> _Material supplied_:
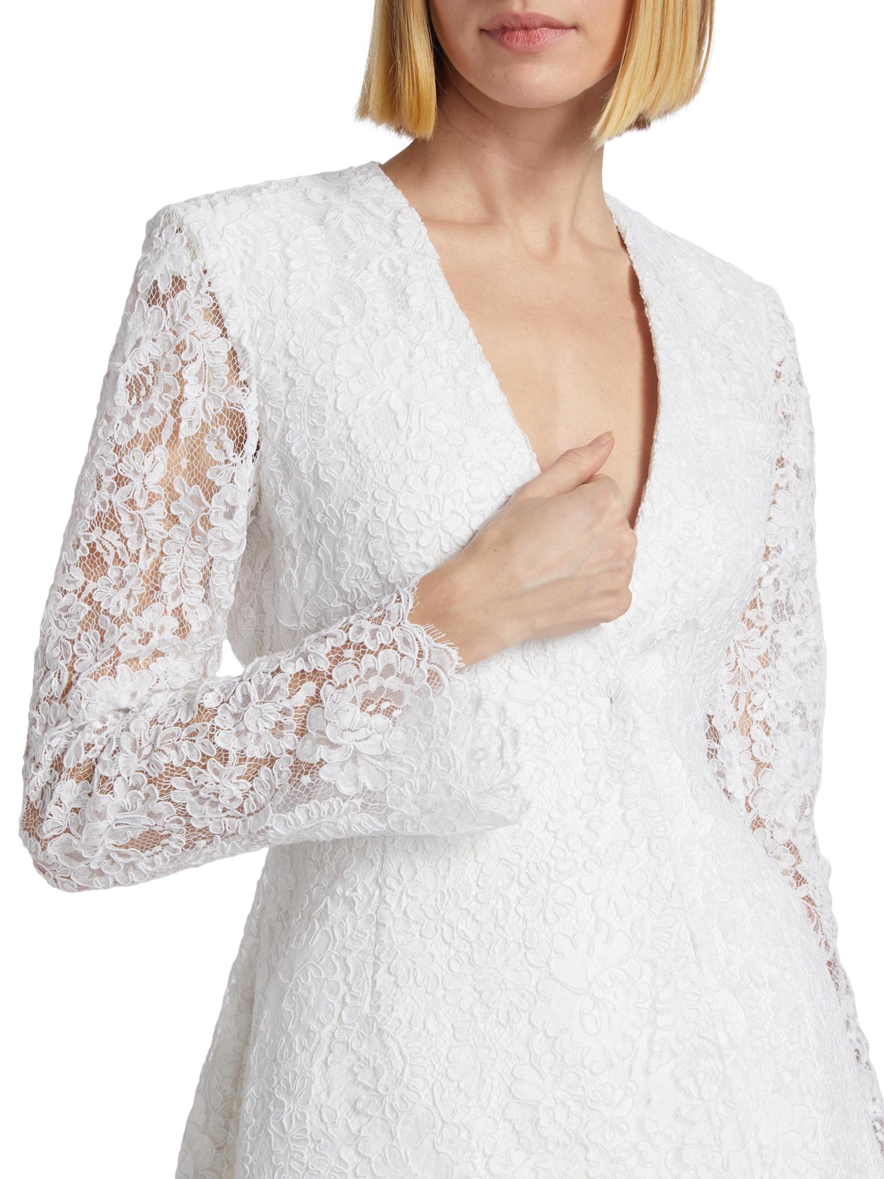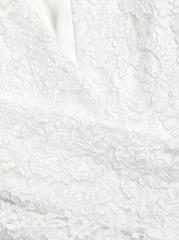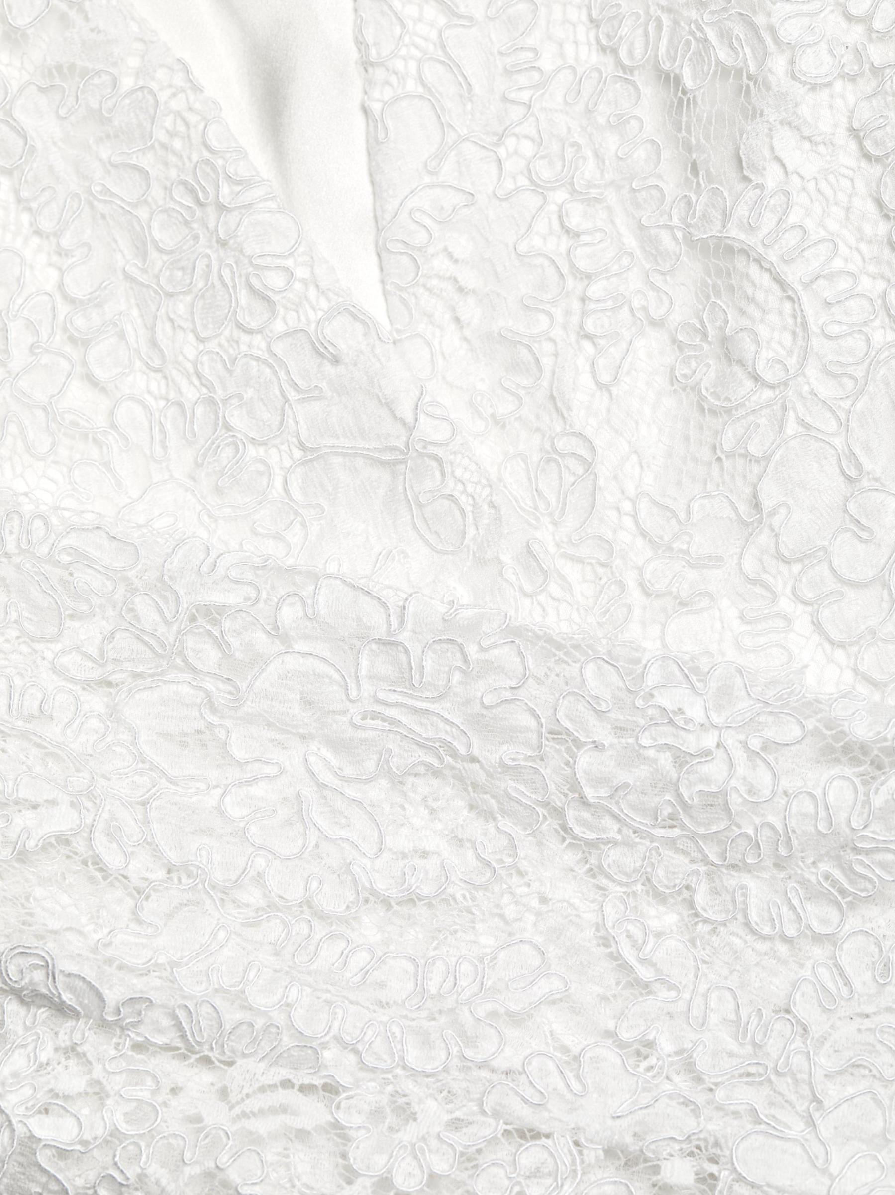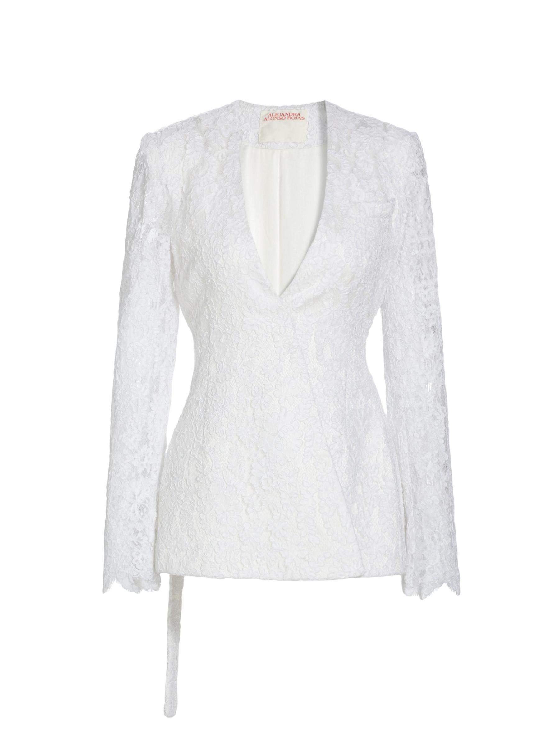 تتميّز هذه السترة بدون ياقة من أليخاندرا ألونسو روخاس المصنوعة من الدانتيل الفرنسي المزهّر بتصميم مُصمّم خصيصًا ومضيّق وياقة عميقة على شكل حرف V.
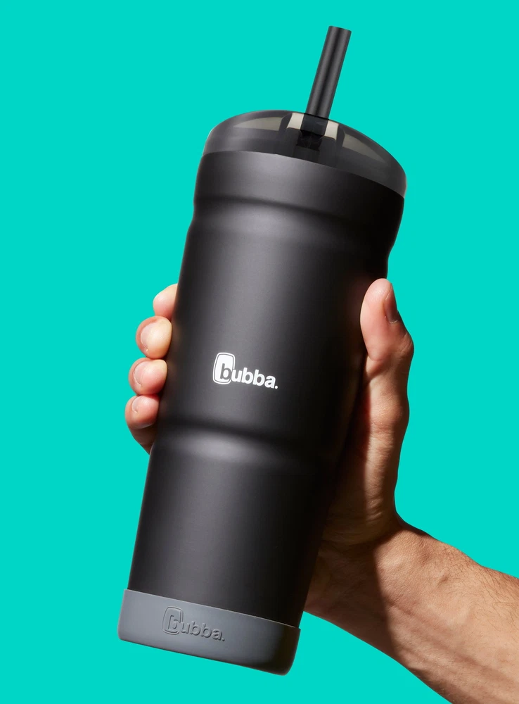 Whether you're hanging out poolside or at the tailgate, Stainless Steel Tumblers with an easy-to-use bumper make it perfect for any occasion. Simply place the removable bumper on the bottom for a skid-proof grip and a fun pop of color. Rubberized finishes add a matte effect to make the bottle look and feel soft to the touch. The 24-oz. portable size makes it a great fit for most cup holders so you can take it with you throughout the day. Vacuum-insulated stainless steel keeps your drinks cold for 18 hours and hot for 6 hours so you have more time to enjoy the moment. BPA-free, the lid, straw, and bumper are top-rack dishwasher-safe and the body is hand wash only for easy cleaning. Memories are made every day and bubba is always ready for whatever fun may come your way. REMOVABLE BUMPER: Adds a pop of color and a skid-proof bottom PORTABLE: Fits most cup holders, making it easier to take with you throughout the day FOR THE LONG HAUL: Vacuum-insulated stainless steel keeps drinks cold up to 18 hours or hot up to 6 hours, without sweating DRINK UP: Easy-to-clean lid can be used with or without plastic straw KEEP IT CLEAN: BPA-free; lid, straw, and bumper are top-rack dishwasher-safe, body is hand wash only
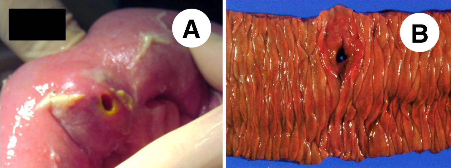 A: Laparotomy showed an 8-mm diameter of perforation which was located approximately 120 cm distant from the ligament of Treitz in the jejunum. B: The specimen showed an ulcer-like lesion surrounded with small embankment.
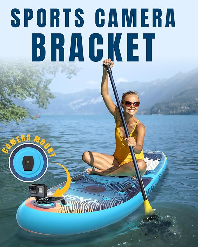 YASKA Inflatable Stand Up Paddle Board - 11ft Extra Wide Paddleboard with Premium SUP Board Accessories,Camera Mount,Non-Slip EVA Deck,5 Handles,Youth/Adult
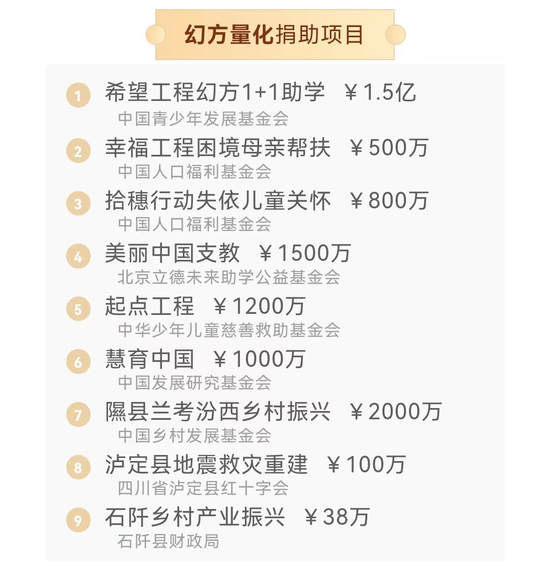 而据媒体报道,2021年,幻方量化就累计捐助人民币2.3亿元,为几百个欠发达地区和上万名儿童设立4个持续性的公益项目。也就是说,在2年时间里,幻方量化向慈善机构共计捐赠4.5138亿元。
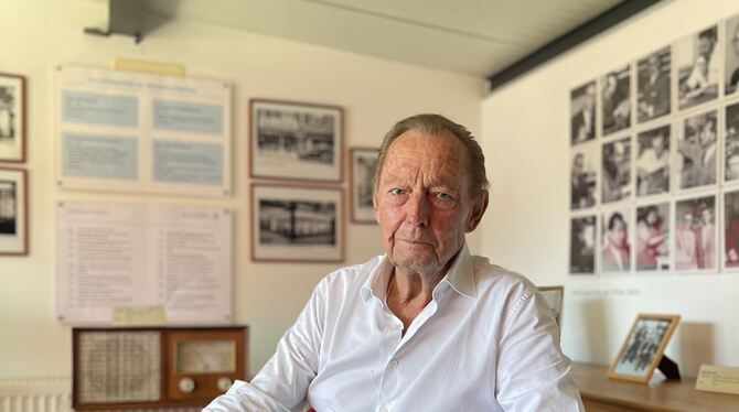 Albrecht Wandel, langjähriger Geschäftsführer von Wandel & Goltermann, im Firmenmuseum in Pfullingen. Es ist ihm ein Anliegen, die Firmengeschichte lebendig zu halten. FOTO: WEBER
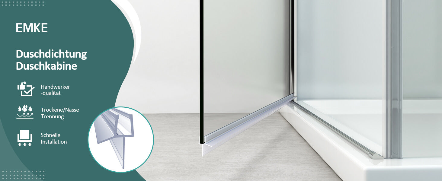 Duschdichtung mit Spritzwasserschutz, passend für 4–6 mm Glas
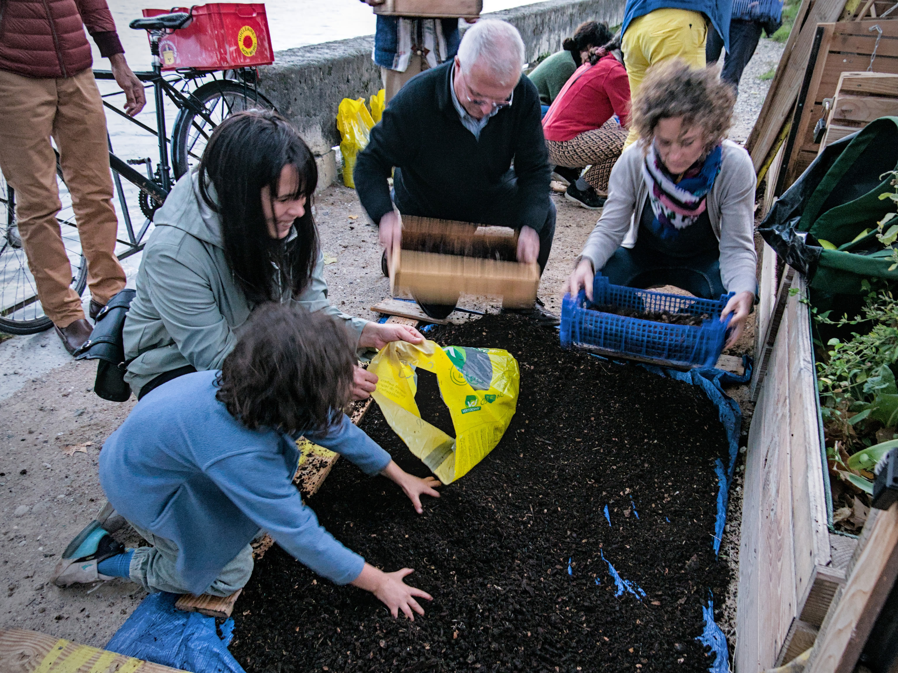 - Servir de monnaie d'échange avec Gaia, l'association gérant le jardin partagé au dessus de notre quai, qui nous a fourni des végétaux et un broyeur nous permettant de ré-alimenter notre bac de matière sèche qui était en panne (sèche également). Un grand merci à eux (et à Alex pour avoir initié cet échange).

> _Task brief_: From the line that contains "Albrecht Wandel, langjähriger" to the last line of the records above, copy each line exactly, both ends included, and leave the pictures out.

> _Problem solution_:
 Albrecht Wandel, langjähriger Geschäftsführer von Wandel & Goltermann, im Firmenmuseum in Pfullingen. Es ist ihm ein Anliegen, die Firmengeschichte lebendig zu halten. FOTO: WEBER
 Duschdichtung mit Spritzwasserschutz, passend für 4–6 mm Glas
 - Servir de monnaie d'échange avec Gaia, l'association gérant le jardin partagé au dessus de notre quai, qui nous a fourni des végétaux et un broyeur nous permettant de ré-alimenter notre bac de matière sèche qui était en panne (sèche également). Un grand merci à eux (et à Alex pour avoir initié cet échange).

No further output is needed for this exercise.